Will Reader and Nick Hammond
ABSTRACT
Although hypertext can be a useful way of delivering learning materials it is problematic in that there is no requirement to actively manipulate knowledge as part of the interaction. The mindtools, or concept mapping, approach requires learners to construct graphical representations of the information that they cover forcing them to engage more actively in the information as a consequence. Advocates of concept mapping argue that by encouraging learners to represent their knowledge using a node-link formalism, learners are forced into activities that aid the organisation and integration of knowledge, and that the map itself can serve to communicate the learner's knowledge more effectively than text. This paper reports the results of a study designed to test the effectiveness of a concept mapping tool in aiding student learning from a hypertext system. It was found that use of the concept mapping tool enhanced the scores on a post-test when compared to standard note taking. Qualitative analyses of the process of network construction, and of the maps produced argue that there may be a case for offering learners more support in the networks that they construct, to explicitly encourage structuring activities and it is hoped integration, and more encouragement to revise networks so to enhance their use in communication.

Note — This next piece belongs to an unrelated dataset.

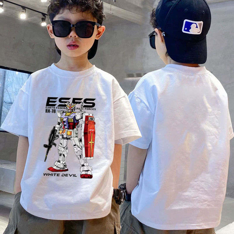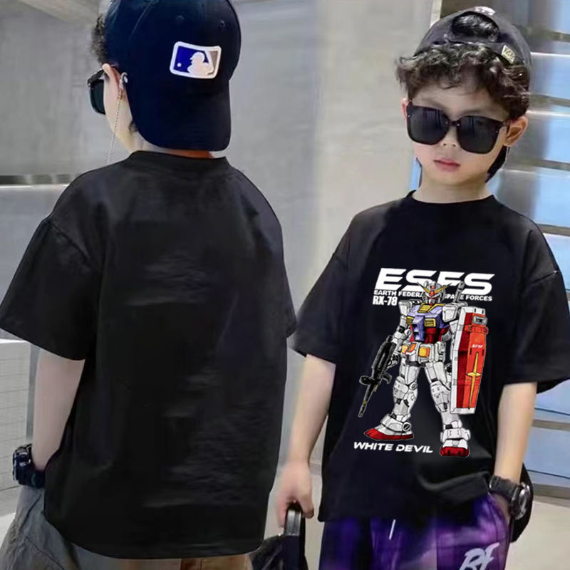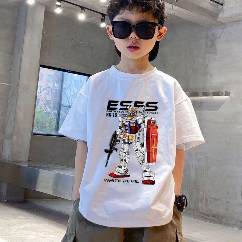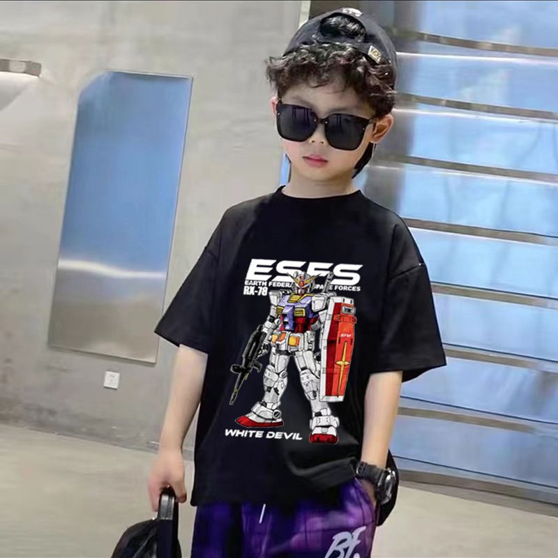건담 메카 카툰 프린트 남아 반팔 순면 티셔츠 여름 중년 아동 트렌디 캐주얼 탑 의류스토어 가기

There are however a number of problems with hypertext that are specifically relevant to its use as an educational medium. It is well known that in order to promote effective learning learners must actively engage in the information that they are reading, processing the material in an elaborate manner [1,2]; however hypertext is basically a passive medium and there is no requirement that learners do this. One of the methods that has been adopted by developers of hypertext CAL systems has been to provide the learners with batteries of questions, usually in the form of a quiz, that encourage the learner test themselves and thus promote more effective learning [3]. Such approaches fall short of the ideal because the nature of hypertext means that the questions may not address the information that the learner wishes to learn, resulting in redundancy. This problem also applies to printed texts, which are also by nature passive entities, but in the case of hypertext it is compounded by the instability of the discourse; because learners can follow many different paths through the same information, hypertext will often not have the coherence provided by paper-based texts. As Charney points out [4], hypertext cannot rival the ability of print to support rational, deductive, goal-directed discourse. This lack of coherence means that learners may often fail to obtain an overview of the way that the information fits together to form a whole [3]. It therefore seems that learners may need support whilst learning from hypertext, first to encourage them to be more active processors of the material, and secondly to help them to form more coherent representations of the information. An approach such as that offered by mindtools or concept mapping tools may offer help in both these areas.
There are a number of claims as to why concept mapping may be effective in aiding learning which can be divided into claims about the process of concept map construction and claims about the product, that is the completed map.
Claims about the process of map construction tend to view concept mapping as a problem-solving exercise [6], the various restrictions built in to the tool forcing or encouraging the learners to engage in these activities more effectively than if they were not using the tool. Although concept mapping tools vary as to the degree to which they support various learning activities, by and large most of them encourage the learner to organise and structure their knowledge. Organising is where the learner places a loose structure on the material, clustering concepts that are similar, and perhaps specifying what these concepts have in common. Structuring is where learners make explicit the relationships between concepts, to provide a coherent, integrated network. It is proposed that the explicit activities of organising and structuring can, in turn, have implications for the organisation and integration of new knowledge into schemata.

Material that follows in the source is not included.